▸ **WHAT YOU ARE ASKED TO DO**: The entries below need to be transcribed exactly, without their images.

▸ **PROVIDED MATERIAL**:
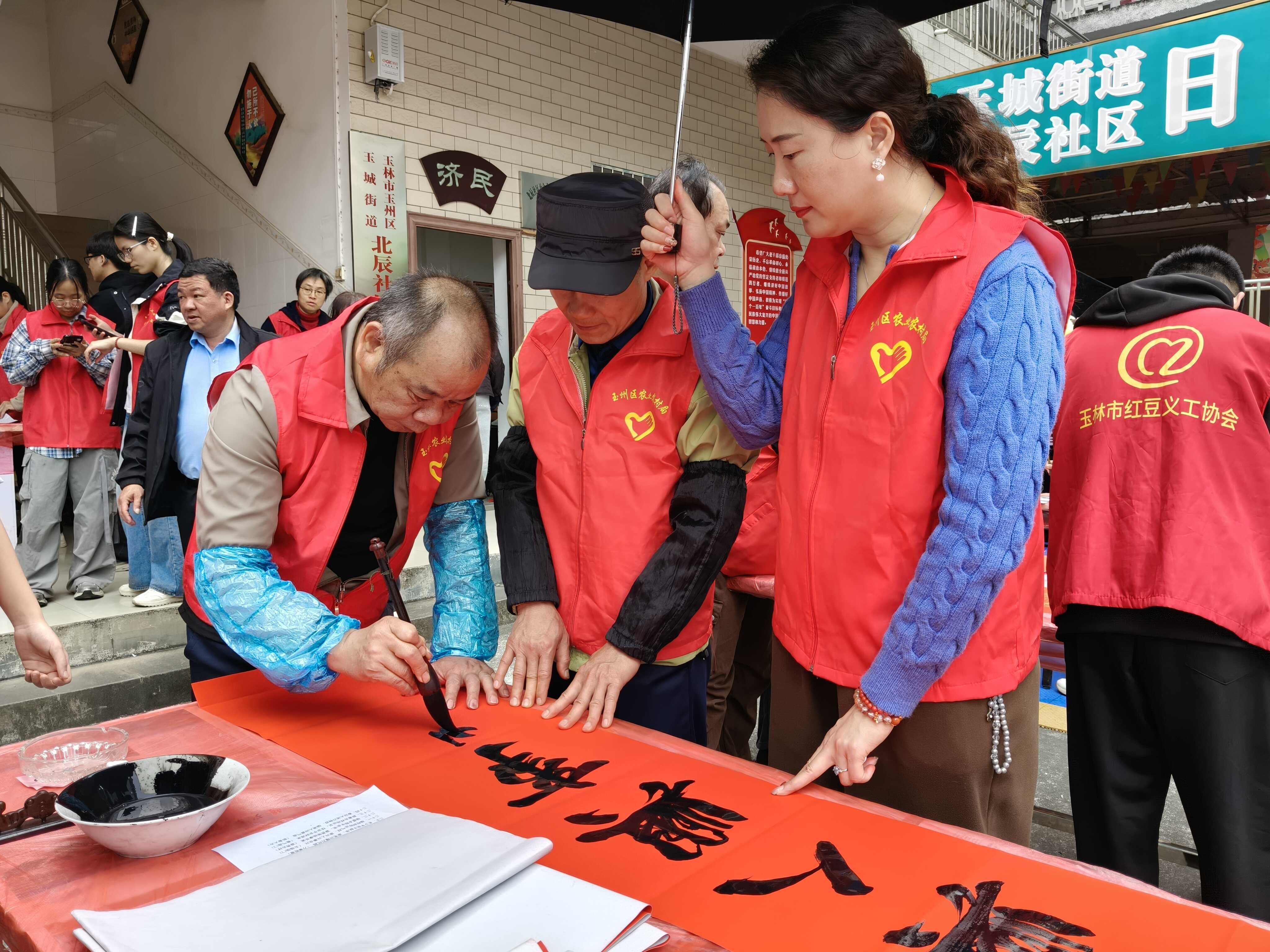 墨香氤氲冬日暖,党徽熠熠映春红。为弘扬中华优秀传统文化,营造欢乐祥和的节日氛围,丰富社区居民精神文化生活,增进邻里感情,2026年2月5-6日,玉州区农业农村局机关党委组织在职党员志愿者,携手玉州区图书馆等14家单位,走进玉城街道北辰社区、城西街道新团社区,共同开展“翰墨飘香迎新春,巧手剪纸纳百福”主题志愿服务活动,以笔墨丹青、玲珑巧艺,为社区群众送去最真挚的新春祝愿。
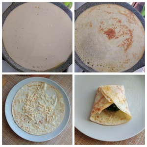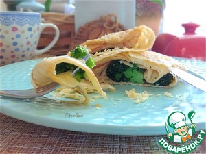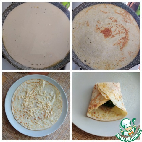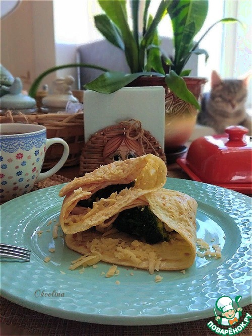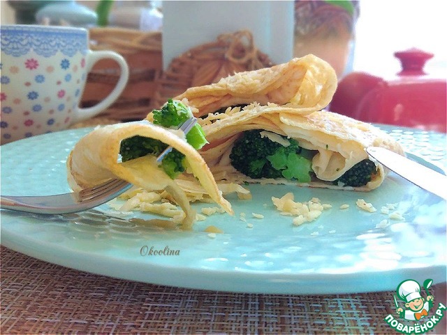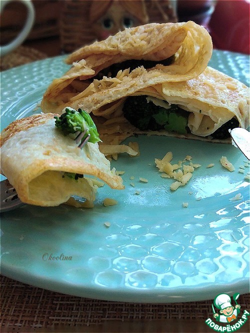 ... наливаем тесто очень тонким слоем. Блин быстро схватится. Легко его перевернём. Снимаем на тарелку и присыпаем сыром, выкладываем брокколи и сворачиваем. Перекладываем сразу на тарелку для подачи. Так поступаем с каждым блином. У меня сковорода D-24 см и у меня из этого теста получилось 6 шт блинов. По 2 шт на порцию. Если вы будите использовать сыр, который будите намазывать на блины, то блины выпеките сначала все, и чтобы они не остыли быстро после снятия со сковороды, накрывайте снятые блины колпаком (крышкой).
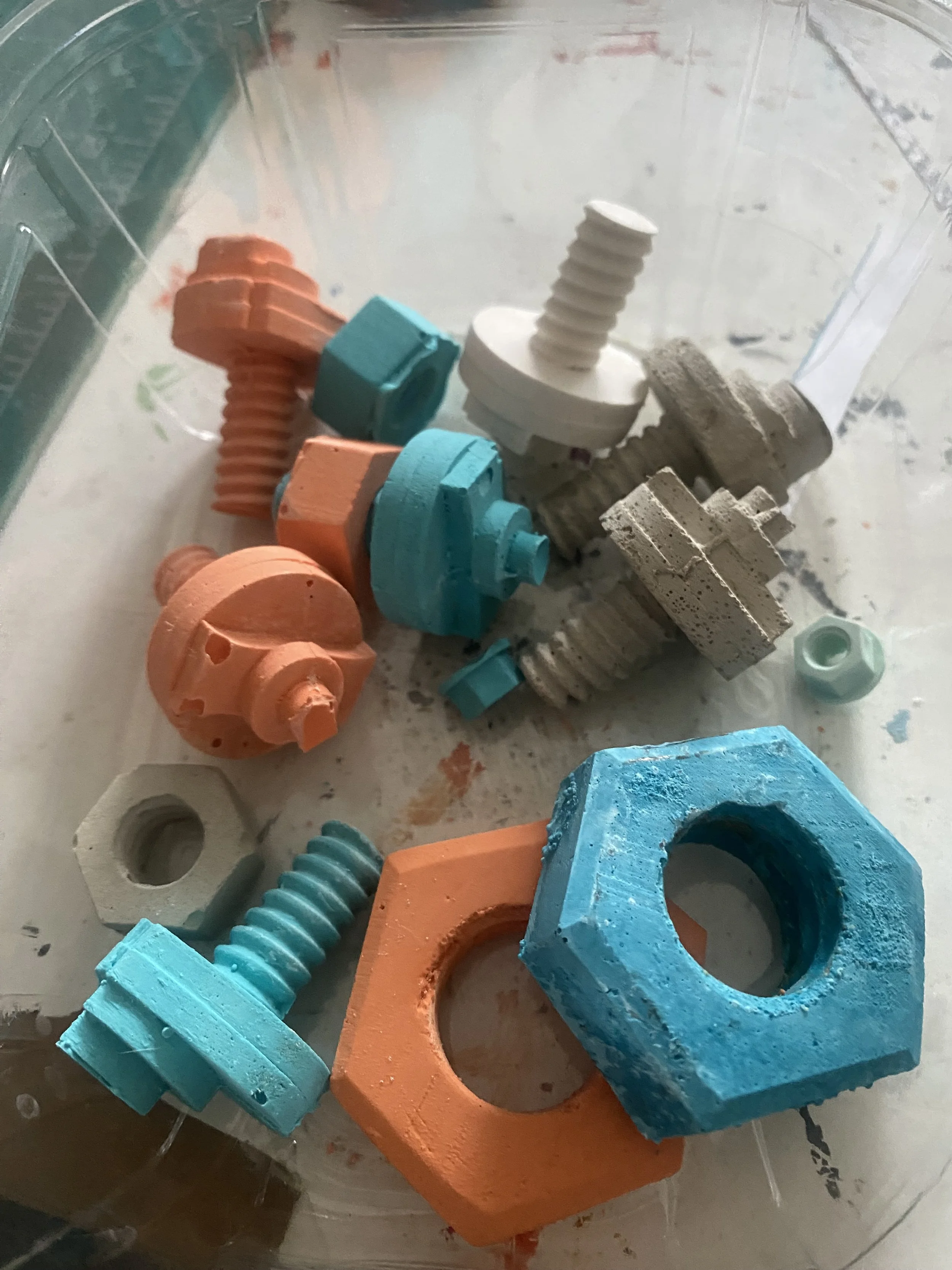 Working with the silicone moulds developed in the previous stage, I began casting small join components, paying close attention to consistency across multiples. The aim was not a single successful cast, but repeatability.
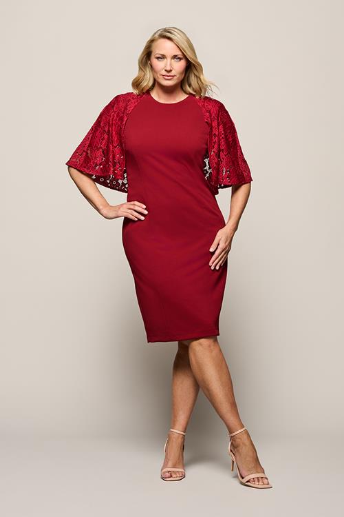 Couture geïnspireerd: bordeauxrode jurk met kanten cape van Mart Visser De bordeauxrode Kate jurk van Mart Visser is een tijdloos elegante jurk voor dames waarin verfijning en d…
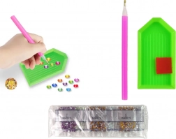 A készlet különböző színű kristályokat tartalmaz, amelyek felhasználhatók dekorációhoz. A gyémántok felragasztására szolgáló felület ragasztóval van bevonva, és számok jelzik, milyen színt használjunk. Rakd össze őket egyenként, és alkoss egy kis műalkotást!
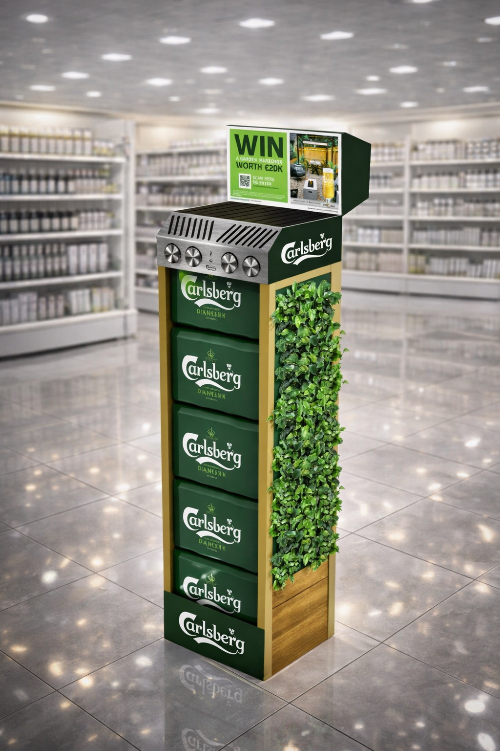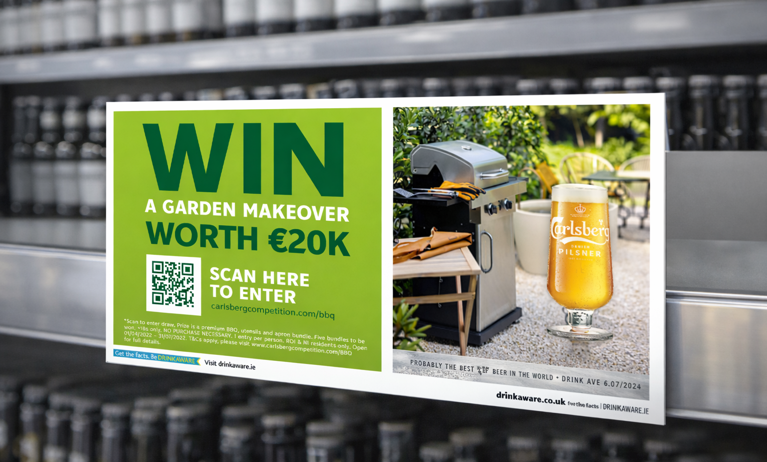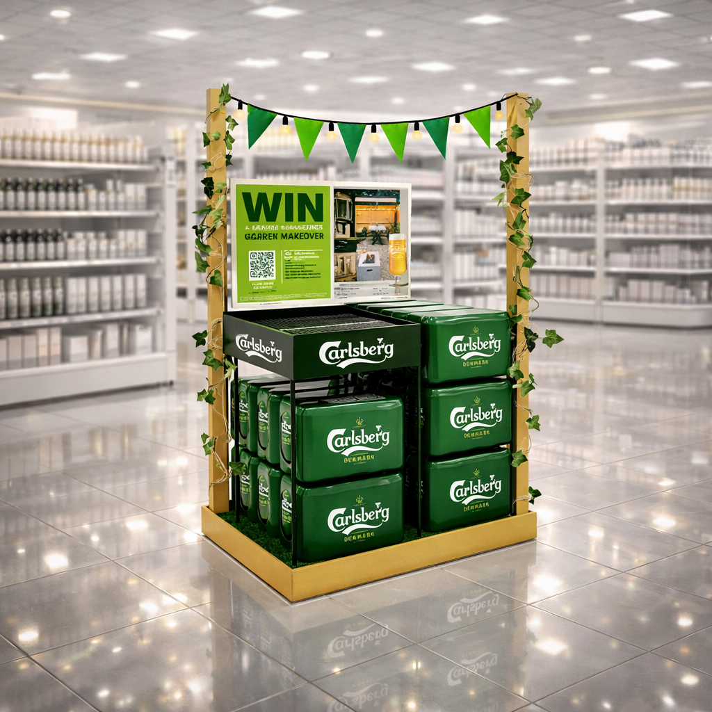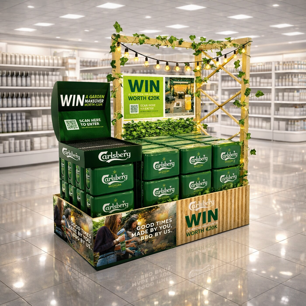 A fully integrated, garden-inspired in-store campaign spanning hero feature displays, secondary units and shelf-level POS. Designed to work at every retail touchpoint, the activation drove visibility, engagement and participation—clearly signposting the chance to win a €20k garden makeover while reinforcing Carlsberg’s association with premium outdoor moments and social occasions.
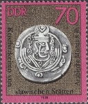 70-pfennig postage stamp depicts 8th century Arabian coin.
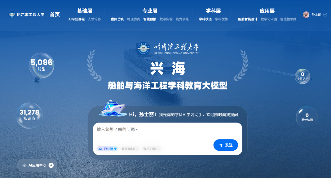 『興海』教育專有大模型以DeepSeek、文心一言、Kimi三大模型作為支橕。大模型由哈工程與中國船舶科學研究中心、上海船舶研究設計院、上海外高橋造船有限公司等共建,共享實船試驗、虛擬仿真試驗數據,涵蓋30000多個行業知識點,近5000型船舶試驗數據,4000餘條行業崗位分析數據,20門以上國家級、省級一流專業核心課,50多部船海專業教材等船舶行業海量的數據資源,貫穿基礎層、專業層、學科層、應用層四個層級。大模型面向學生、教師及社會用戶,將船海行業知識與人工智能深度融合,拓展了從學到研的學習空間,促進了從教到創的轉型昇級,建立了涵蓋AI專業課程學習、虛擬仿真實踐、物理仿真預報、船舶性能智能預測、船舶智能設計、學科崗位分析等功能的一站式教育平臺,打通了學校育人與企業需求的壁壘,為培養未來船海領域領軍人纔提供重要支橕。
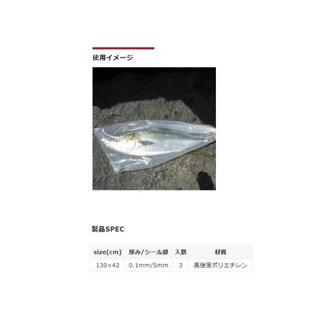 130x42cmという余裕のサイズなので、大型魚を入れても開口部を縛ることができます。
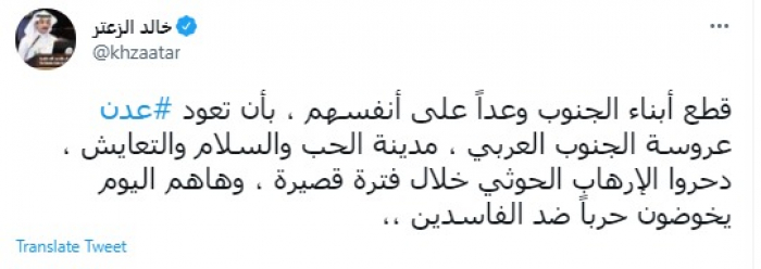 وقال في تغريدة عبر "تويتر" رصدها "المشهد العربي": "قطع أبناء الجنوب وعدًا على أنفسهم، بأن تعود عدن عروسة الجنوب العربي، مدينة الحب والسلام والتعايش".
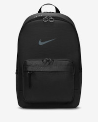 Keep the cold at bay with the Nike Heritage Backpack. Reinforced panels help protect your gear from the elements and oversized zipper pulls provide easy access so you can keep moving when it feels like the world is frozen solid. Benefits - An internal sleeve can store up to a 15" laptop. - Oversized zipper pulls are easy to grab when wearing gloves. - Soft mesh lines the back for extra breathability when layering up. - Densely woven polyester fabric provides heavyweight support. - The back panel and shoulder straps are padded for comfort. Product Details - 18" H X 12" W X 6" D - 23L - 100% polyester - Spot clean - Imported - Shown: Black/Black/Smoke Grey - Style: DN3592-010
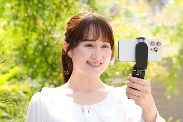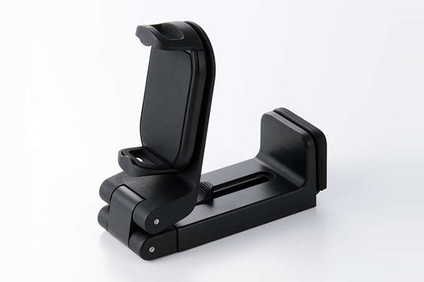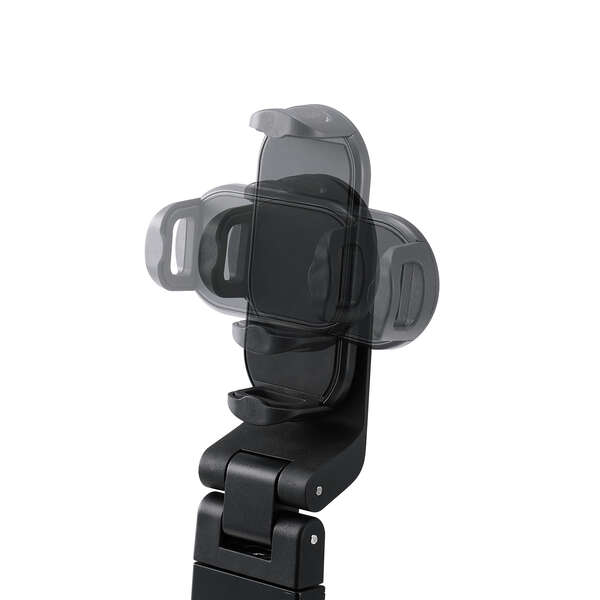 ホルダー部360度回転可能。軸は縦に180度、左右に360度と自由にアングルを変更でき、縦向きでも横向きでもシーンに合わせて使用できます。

▸ **FINAL ANSWER**:
 墨香氤氲冬日暖,党徽熠熠映春红。为弘扬中华优秀传统文化,营造欢乐祥和的节日氛围,丰富社区居民精神文化生活,增进邻里感情,2026年2月5-6日,玉州区农业农村局机关党委组织在职党员志愿者,携手玉州区图书馆等14家单位,走进玉城街道北辰社区、城西街道新团社区,共同开展“翰墨飘香迎新春,巧手剪纸纳百福”主题志愿服务活动,以笔墨丹青、玲珑巧艺,为社区群众送去最真挚的新春祝愿。
 ... наливаем тесто очень тонким слоем. Блин быстро схватится. Легко его перевернём. Снимаем на тарелку и присыпаем сыром, выкладываем брокколи и сворачиваем. Перекладываем сразу на тарелку для подачи. Так поступаем с каждым блином. У меня сковорода D-24 см и у меня из этого теста получилось 6 шт блинов. По 2 шт на порцию. Если вы будите использовать сыр, который будите намазывать на блины, то блины выпеките сначала все, и чтобы они не остыли быстро после снятия со сковороды, накрывайте снятые блины колпаком (крышкой).
 Working with the silicone moulds developed in the previous stage, I began casting small join components, paying close attention to consistency across multiples. The aim was not a single successful cast, but repeatability.
 Couture geïnspireerd: bordeauxrode jurk met kanten cape van Mart Visser De bordeauxrode Kate jurk van Mart Visser is een tijdloos elegante jurk voor dames waarin verfijning en d…
 A készlet különböző színű kristályokat tartalmaz, amelyek felhasználhatók dekorációhoz. A gyémántok felragasztására szolgáló felület ragasztóval van bevonva, és számok jelzik, milyen színt használjunk. Rakd össze őket egyenként, és alkoss egy kis műalkotást!
 A fully integrated, garden-inspired in-store campaign spanning hero feature displays, secondary units and shelf-level POS. Designed to work at every retail touchpoint, the activation drove visibility, engagement and participation—clearly signposting the chance to win a €20k garden makeover while reinforcing Carlsberg’s association with premium outdoor moments and social occasions.
 70-pfennig postage stamp depicts 8th century Arabian coin.
 『興海』教育專有大模型以DeepSeek、文心一言、Kimi三大模型作為支橕。大模型由哈工程與中國船舶科學研究中心、上海船舶研究設計院、上海外高橋造船有限公司等共建,共享實船試驗、虛擬仿真試驗數據,涵蓋30000多個行業知識點,近5000型船舶試驗數據,4000餘條行業崗位分析數據,20門以上國家級、省級一流專業核心課,50多部船海專業教材等船舶行業海量的數據資源,貫穿基礎層、專業層、學科層、應用層四個層級。大模型面向學生、教師及社會用戶,將船海行業知識與人工智能深度融合,拓展了從學到研的學習空間,促進了從教到創的轉型昇級,建立了涵蓋AI專業課程學習、虛擬仿真實踐、物理仿真預報、船舶性能智能預測、船舶智能設計、學科崗位分析等功能的一站式教育平臺,打通了學校育人與企業需求的壁壘,為培養未來船海領域領軍人纔提供重要支橕。
 130x42cmという余裕のサイズなので、大型魚を入れても開口部を縛ることができます。
 وقال في تغريدة عبر "تويتر" رصدها "المشهد العربي": "قطع أبناء الجنوب وعدًا على أنفسهم، بأن تعود عدن عروسة الجنوب العربي، مدينة الحب والسلام والتعايش".
 Keep the cold at bay with the Nike Heritage Backpack. Reinforced panels help protect your gear from the elements and oversized zipper pulls provide easy access so you can keep moving when it feels like the world is frozen solid. Benefits - An internal sleeve can store up to a 15" laptop. - Oversized zipper pulls are easy to grab when wearing gloves. - Soft mesh lines the back for extra breathability when layering up. - Densely woven polyester fabric provides heavyweight support. - The back panel and shoulder straps are padded for comfort. Product Details - 18" H X 12" W X 6" D - 23L - 100% polyester - Spot clean - Imported - Shown: Black/Black/Smoke Grey - Style: DN3592-010
 ホルダー部360度回転可能。軸は縦に180度、左右に360度と自由にアングルを変更でき、縦向きでも横向きでもシーンに合わせて使用できます。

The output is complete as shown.